Updated on May 28, 2022
Table of Contents
Sales Tax Calculation
Divide the total amount received by “1 + the sales tax rate” in order to compute the sales tax included in the company’s receipts. Sales tax is calculated by multiplying taxable receipts by the sales tax rate. Divide the taxable sales by 1.0725 if the sales tax is 7.25 percent.
Example of the Sales Tax Calculation
Consider a 7 percent sales tax on everything sold in a vending machine as an illustration. Vending machine receipts totaled $481.50 in the most recent month. As a result, the $481.50 total includes both the goods sales proceeds and the corresponding sales tax. For example, using mathematics, we can figure out exactly what things were sold and how much tax they were subject to: $481.50.
Suppose that S is the actual sales of goods (before deducting the sales tax) and that 0.07S is the actual sales tax. Assuming that the final total includes the sales tax, we can write S + 0.07S = 1.07S = $481.50 as the final total. Subtracting $481.50 from 1.07 yields S. As a result, the real goods sales came to $450 in total. In this case, the 7 percent sales tax equates to $31.50 ($450 multiplied by 0.7 percent). Let’s check to see whether everything adds up: There were total sales of $481.50 from the vending machines, which was the result of $450 product sales plus $31.50 in sales tax.
Additional Example of the Sales Tax Calculation
In this example, let’s imagine that a corporation has $32,100 in sales revenues, which includes a 7% sales tax.

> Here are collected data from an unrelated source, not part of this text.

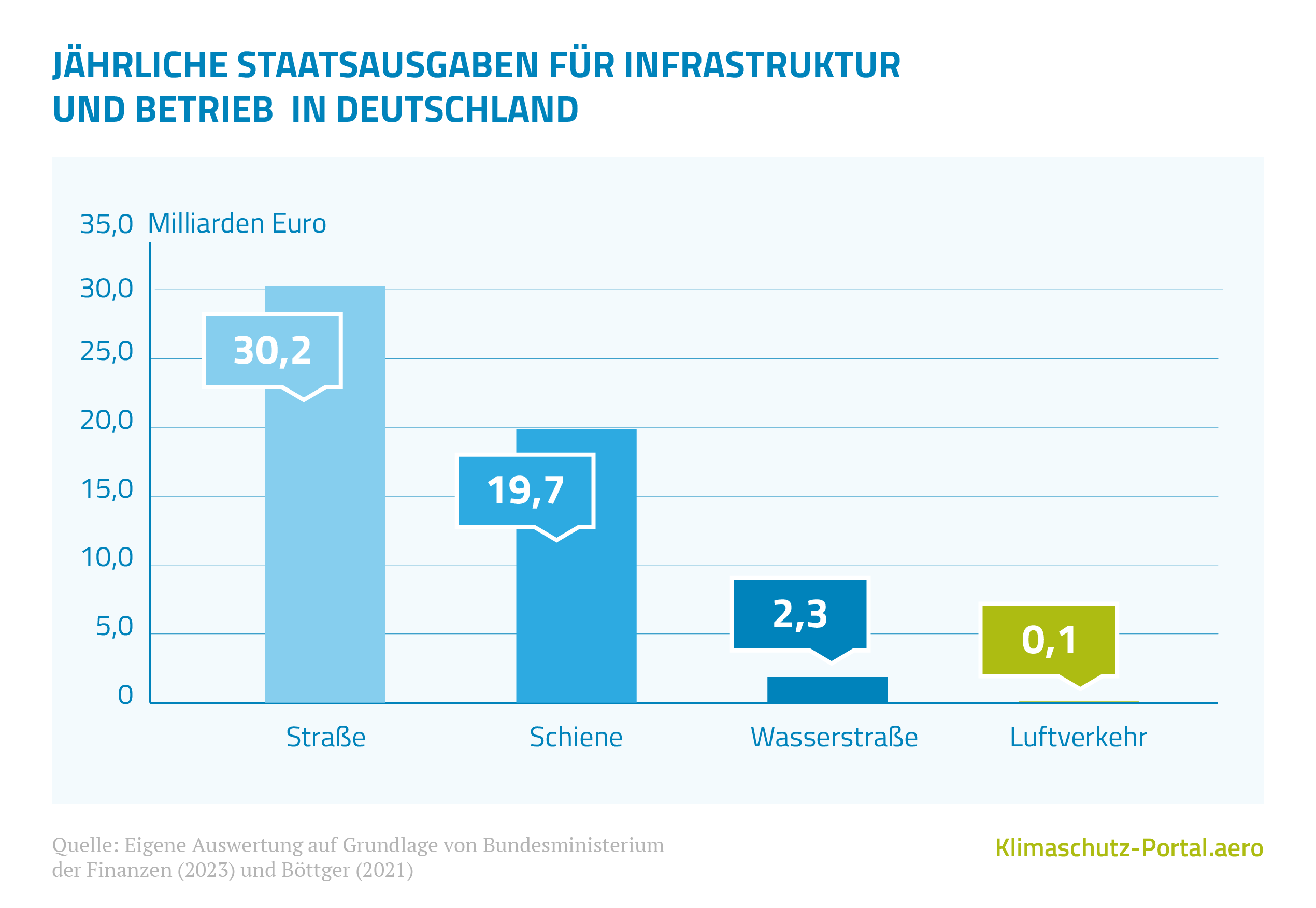 Ein Blick auf die Finanzierung aus Steuermitteln in Deutschland zeigt, dass der Luftverkehr unter allen Verkehrsträgern mit Abstand die wenigsten staatlichen Zuwendungen für Betrieb und Infrastruktur erhält. Dies zeigt, dass der Luftverkehr in Deutschland fast vollständig nutzerfinanziert ist, von einer Subventionierung kann also keine Rede sein.
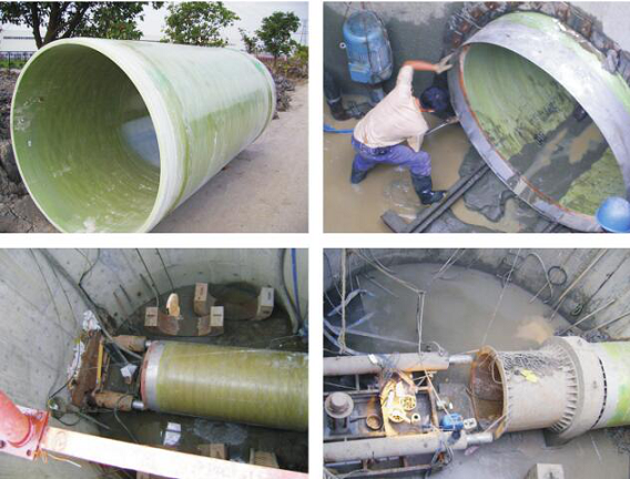 在长距离顶管应用中,通常会在管身处开设注浆孔,注浆孔一般设置成沿注浆断面圆周方向120度三点分布,注浆断面离管端位置根据工程实际情况而定。注浆孔一般为1/4-1”管螺纹不锈钢材质。每三节管道中有一节配置注浆孔。管线贯通后用不锈钢堵头实施封堵。
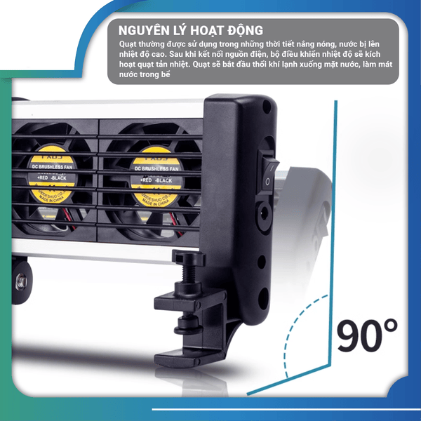 - Thiết kế khớp chỉnh 90 độ để dễ dàng điều chỉnh làn gió của quạt khắp bể

You’ll have to pay 0.07S in sales tax to cover the actual sales. As a result, the total cost of S + 0.07S is $32,100. In reality, sales will be $30,000 ($32,100 divided by 1.07 = $30,000). The true sales tax will be 0.07 X $30,000 = $2,100. It’s easy to see that our proof is $32,100: $30,00 in sales plus $2,100 in sales tax. It can be summarised as follows: debit Cash $32,100; credit Sales $30,000, and debit the Sales Tax Payable $2,100.